■ **Extracted data**:
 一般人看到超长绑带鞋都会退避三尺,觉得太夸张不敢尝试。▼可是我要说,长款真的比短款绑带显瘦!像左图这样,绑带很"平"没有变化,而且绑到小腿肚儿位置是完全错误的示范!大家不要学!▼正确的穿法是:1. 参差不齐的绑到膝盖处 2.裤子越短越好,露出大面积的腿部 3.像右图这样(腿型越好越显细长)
---
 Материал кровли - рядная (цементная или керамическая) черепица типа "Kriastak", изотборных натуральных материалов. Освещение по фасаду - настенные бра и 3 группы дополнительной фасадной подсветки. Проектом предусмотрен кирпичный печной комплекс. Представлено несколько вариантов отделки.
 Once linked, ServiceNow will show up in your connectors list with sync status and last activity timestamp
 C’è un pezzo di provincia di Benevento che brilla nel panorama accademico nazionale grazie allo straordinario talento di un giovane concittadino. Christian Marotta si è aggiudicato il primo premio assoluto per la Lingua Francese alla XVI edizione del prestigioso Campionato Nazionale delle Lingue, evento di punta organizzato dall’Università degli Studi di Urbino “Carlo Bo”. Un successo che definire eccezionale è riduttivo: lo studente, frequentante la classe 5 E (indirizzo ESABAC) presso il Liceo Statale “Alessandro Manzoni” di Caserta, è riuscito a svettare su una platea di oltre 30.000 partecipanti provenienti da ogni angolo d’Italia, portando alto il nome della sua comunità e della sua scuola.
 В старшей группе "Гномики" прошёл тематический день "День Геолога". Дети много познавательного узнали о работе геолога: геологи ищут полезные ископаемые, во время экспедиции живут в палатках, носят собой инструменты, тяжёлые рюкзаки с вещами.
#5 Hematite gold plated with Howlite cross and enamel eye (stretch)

■ **What you have to do**: I'd like the lines above from the one with "Once linked, ServiceNow" up to and including the one with "#5 Hematite gold" copied exactly, with no other lines.

■ **Solution for this exercise**:
 Once linked, ServiceNow will show up in your connectors list with sync status and last activity timestamp
 C’è un pezzo di provincia di Benevento che brilla nel panorama accademico nazionale grazie allo straordinario talento di un giovane concittadino. Christian Marotta si è aggiudicato il primo premio assoluto per la Lingua Francese alla XVI edizione del prestigioso Campionato Nazionale delle Lingue, evento di punta organizzato dall’Università degli Studi di Urbino “Carlo Bo”. Un successo che definire eccezionale è riduttivo: lo studente, frequentante la classe 5 E (indirizzo ESABAC) presso il Liceo Statale “Alessandro Manzoni” di Caserta, è riuscito a svettare su una platea di oltre 30.000 partecipanti provenienti da ogni angolo d’Italia, portando alto il nome della sua comunità e della sua scuola.
 В старшей группе "Гномики" прошёл тематический день "День Геолога". Дети много познавательного узнали о работе геолога: геологи ищут полезные ископаемые, во время экспедиции живут в палатках, носят собой инструменты, тяжёлые рюкзаки с вещами.
#5 Hematite gold plated with Howlite cross and enamel eye (stretch)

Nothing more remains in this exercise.